INVEST IN TAXES
You may know your federal income tax bracket. But that's not really what you pay. In fact, the middle 20% of Americans by income pay about 13% of income in federal income taxes. But that average hides a great deal of variation: Some Americans pay nothing, and others pay more than 30%.1
[How to invest tax efficiently]
What determines the percentage you will pay? A lot of it is based on how much you make. But you can affect your tax bill by knowing the rules, managing how you generate income, choosing what accounts you invest in, and taking advantage of potential deductions. In general, there are three strategies to consider to try to manage your federal income taxes:
Defer taxes with tax-advantaged accounts or investing strategies, such as 401(k)s, 403(b)s, IRAs, health savings accounts (HSAs), and products such as deferred annuities.
Manage your tax burden by employing strategic asset location, investing in lower turnover funds, understanding mutual fund distributions, and taking advantage of charitable gifts and capital loss deductions.
Reduce taxes now with federal income tax free municipal bond income, or reduce taxes in the future with a Roth IRA or 529 college savings account.
"We all make decisions about how we save, invest, and earn income," says Ken Hevert, senior vice president at Fidelity. "By considering the tax impact of those decisions, and adjusting your investment strategy with elements that make sense for your own circumstances and goals, you may be able to create a better financial outcome."

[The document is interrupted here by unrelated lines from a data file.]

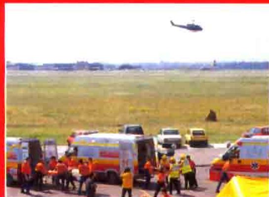
Empiezan a despegar los helicópteros en los que están siendo evacuados los heridos más graves.
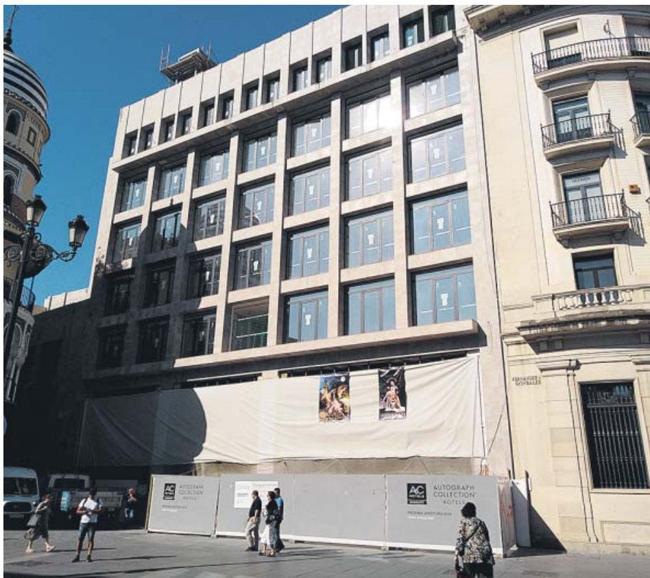
Obras de construcción de un hotel en la Avenida de la Constitución. B. R.
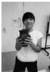
炉の近くにて出土したため表面は黒色をしている弥生式土器（下郷遺跡出土）
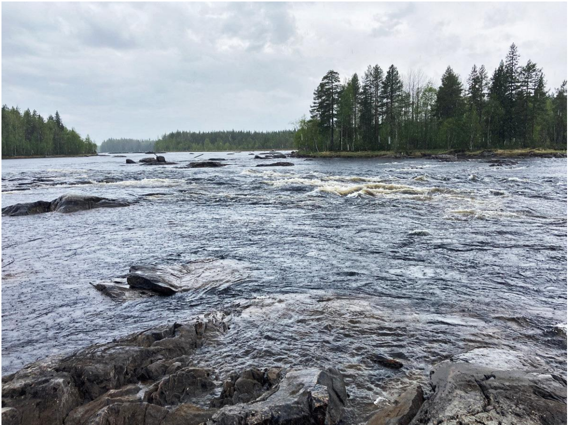
Фото 35. Порог Островной на Сегеже.
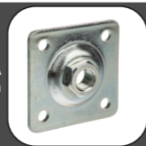
SPOJKA 80x80 mm
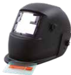
CASCO SOLDADURA AUTOMÁTICA (ARC/MIG/MAG/TIG)
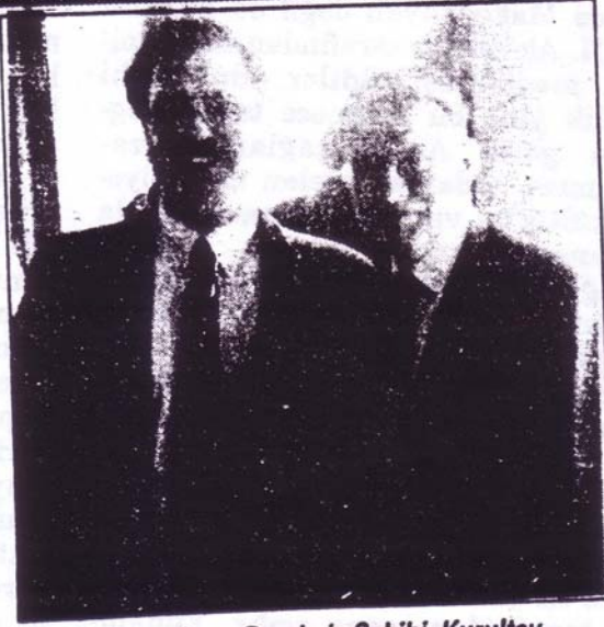
Megalomatis ve Dergimiz Sahibi, Kurultay sonrası yanyana.

Sayın Başkan, Değerli Meslektaşlarım, Bayanlar ve Baylar,
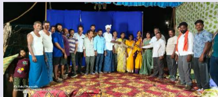
కారేపల్లి, ఏప్రిల్ 29 హిందుస్థాన్ మీడియా
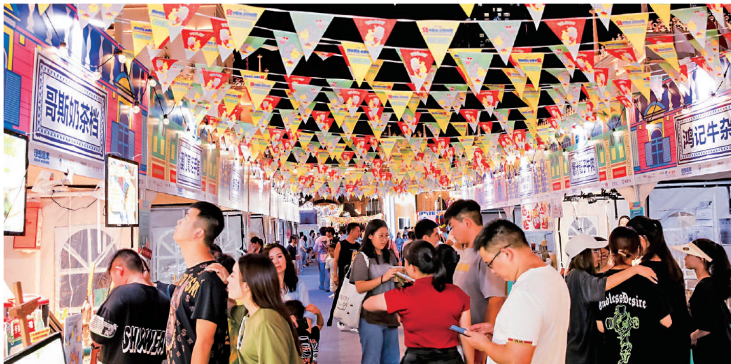
▲澳門國際文化美食節「橫琴站」吸引粵港澳等眾多遊客享口福。

也有業界專家指出，由琴澳美食節遷延至中秋節、國慶節「一節兩地」，從跨境「美食休閒遊」到「一程多站」多樣化旅遊線路，進一步促進粵港澳大灣區區域旅遊聯動發展，亦成為灣區共建「宜居宜業宜遊」優質生活圈的鮮活動力。
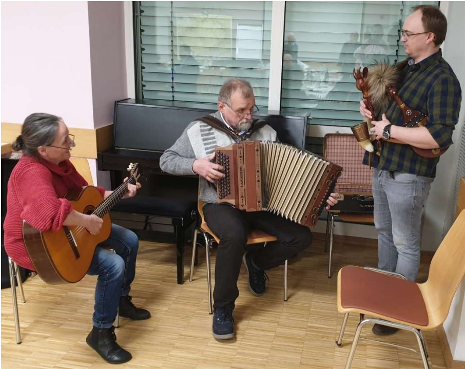
o.: aus der Mundarttagung in Bad Kissingen
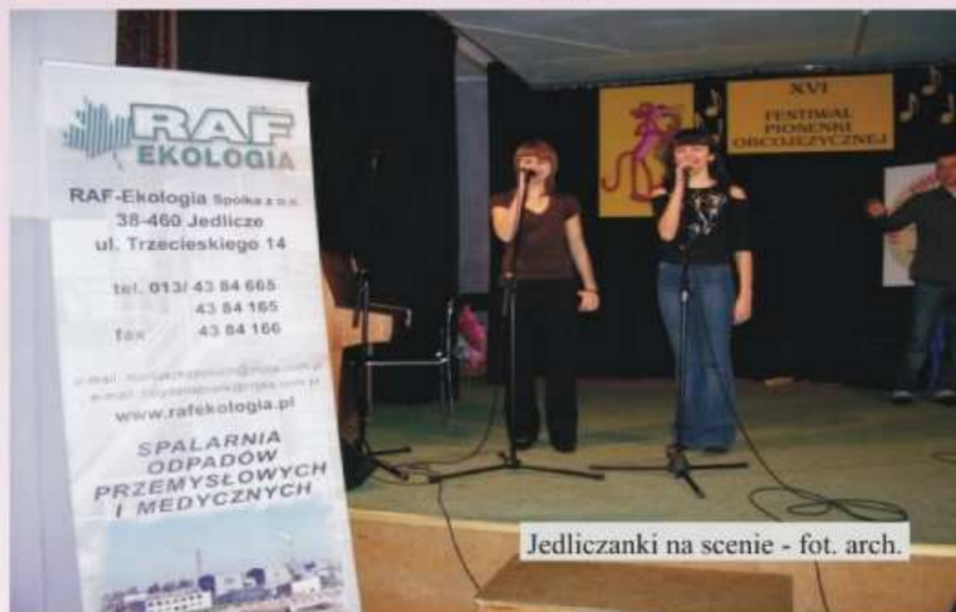
Jedliczanki na scenie
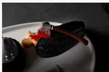
ブラックマドレーヌ
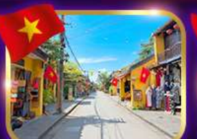
เมืองเก่ามรดกโลก ฮอยอัน
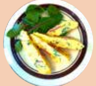
本日の フリッタータ ¥600 オムレツとキッシュの中間のような、具沢山のイタリアン卵料理。
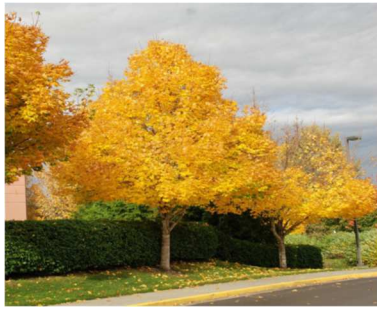
ezüshárs őszel, vagy

Here are a few educational ideas that can help you enhance your investing strategy. These general ideas are not advice but could help you begin to construct a tax strategy.
Saving for retirement is a big job. Accounts that offer tax advantages can help and can be a key part of an overall tax strategy because they allow you to put off paying taxes. For savers, the key is to maximize the potential tax benefits of these accounts, if you and your adviser decide that attempting to defer taxes makes sense for you.
[tax-deffered] Take advantage of retirement accounts.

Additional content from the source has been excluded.